The 19-dimensional features constructed in this article expand the feature space and make full use of data information. However, there will be information redundancy. These redundant features will increase the computational burden of the model. It is necessary to reduce the data dimensions and reduce the complexity of the model. Therefore, the LightGBM feature importance evaluation method is introduced to optimize the 19-dimensional features. The feature importance ranking results are shown in Table 4. Features sorted according to the importance of LightGBM features are sequentially and incrementally input into the GBDT model for diagnosis and identification. In order to avoid contingency, ten-fold cross-validation is performed on the input data sampling, and the average accuracy is taken as the final result, as shown in Fig. 2. As the number of features increases from 1 to 8 in Fig. 2, the diagnostic accuracy of the GBDT model gradually increases. When the number of features is 8, the average diagnostic accuracy reaches a maximum of 93.68%. When the fault diagnosis accuracy reaches a high point, as the number of features continues to increase, its accuracy remains unchanged or decreases. The reason is that too many features lead to an increase in the complexity of the model. Based on this, the first 8-dimensional features sorted by LightGBM are selected for model training and diagnosis.

Table 4 Feature importance ranking results.

Full size table

Analysis of fault diagnosis results

The selected optimal feature subset is divided into training set, test set and verification set according to the ratio of 6:2:2. The specific distribution is shown in Table 5.

Table 5 Distribution of the sample data.

Full size table

In order to ensure the accuracy and effectiveness of the model, NGO is used to optimize max_depth, learning rate, learning_rate and n_estimators.
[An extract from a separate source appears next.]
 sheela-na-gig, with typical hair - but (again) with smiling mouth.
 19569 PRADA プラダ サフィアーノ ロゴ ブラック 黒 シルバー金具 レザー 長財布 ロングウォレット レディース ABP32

The GBDT hyperparameter optimization range is set as shown in Table 6. Figure 3 shows the confusion matrix of the transformer fault diagnosis results based on SMOTE and NGO-GBDT. The blue diagonal line in the figure represents the number of correct predictions in the real samples, and the sum of each row of data is expressed as the total number of samples. Among the 174 test samples in Fig. 3, a total of seven fault samples were misjudged. The total accuracy of transformer fault diagnosis was 95.98%. Among them, normal and medium–low temperature exothermic samples were correctly identified. Among them, the misjudgment rates for high-temperature exothermic, low-energy discharge and partial discharge samples are only 7.40%, 7.40% and 3.45%, indicating that the model proposed in the article has good stability. Based on the information in the confusion matrix, the precision P, recall R and F1 values of the diagnostic model are 0.9598, 0.9601 and 0.9599 respectively. The Kappa coefficient of the model is 0.9521, that is, the consistency between the model's true classification and the predicted classification is almost completely consistent, indicating that The model proposed in this article has strong fault identification and classification capabilities.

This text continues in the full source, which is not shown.